We also compute the following two metrics post-hoc from the data:

  1. Knowledgeable and Engaging: What percent of all responses are marked as both knowledgeable and engaging?
  2. % Knowledgeable that is Engaging: What percent of knowledgeable responses are marked as engaging?

We present the results below. The SeeKeR Dialogue model outperforms BlenderBot 1, and BlenderBot 2, with statistically significant improvements (*) in knowledgeability, engagingness, and the two computed metrics.

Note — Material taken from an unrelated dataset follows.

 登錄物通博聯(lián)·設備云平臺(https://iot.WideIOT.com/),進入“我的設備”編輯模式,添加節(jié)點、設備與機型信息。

Model Consistent ↑ Knowledgeable ↑ Factually Incorrect ↓ Per-Turn Engaging ↑ Knowledgable & Engaging ↑ % Knowledgeable that is Engaging ↑ Zoo Model
BlenderBot1 (Roller et al. (2021)) 75.47% 36.17% 9.14% 78.72% 28.79% 79.58% zoo:blender/blender_3B/model
BlenderBot 2 (project) 65.06% 27.88% 4.12% 83.52% 21.93% 78.67% zoo:blenderbot2/blenderbot2_3B/model
SeeKeR Dialogue (Shuster et al. 2022) 78.47 % 46.49%* 3.94% 90.41%* 44.03%* 94.71%* zoo:seeker/seeker_dialogue_3B/model

Topical Prompt Completion

We source a list of 100 events from Wikipedia that occurred in January 2022, and extract entities (ignoring "covid" and countries, as they might be too general a topic). We then construct prompts of the form: “In recent developments we have learned the following about [TOPIC].”, and we ask the language model to continue it. We annotate model outputs, marking the following attributes:

  1. Sensible: does it reasonably follow the prompt?
  2. True: does it contain some true information?
  3. Hallucination: does it contain some false information?
  4. Topical: does it reference what happened in the last two months, i.e., January and February 2022?.

We compare SeeKeR models equipped with the Mojeek search engine to standard GPT2 models trained on the same data, as well as GPT3 zero-shot. The results below show that our SeeKeR models improve over GPT2 models with more true completions, fewer hallucinations, and more topicality. GPT3 is highly sensible, and generates true outputs often, but also produces lots of hallucinations and is not topical.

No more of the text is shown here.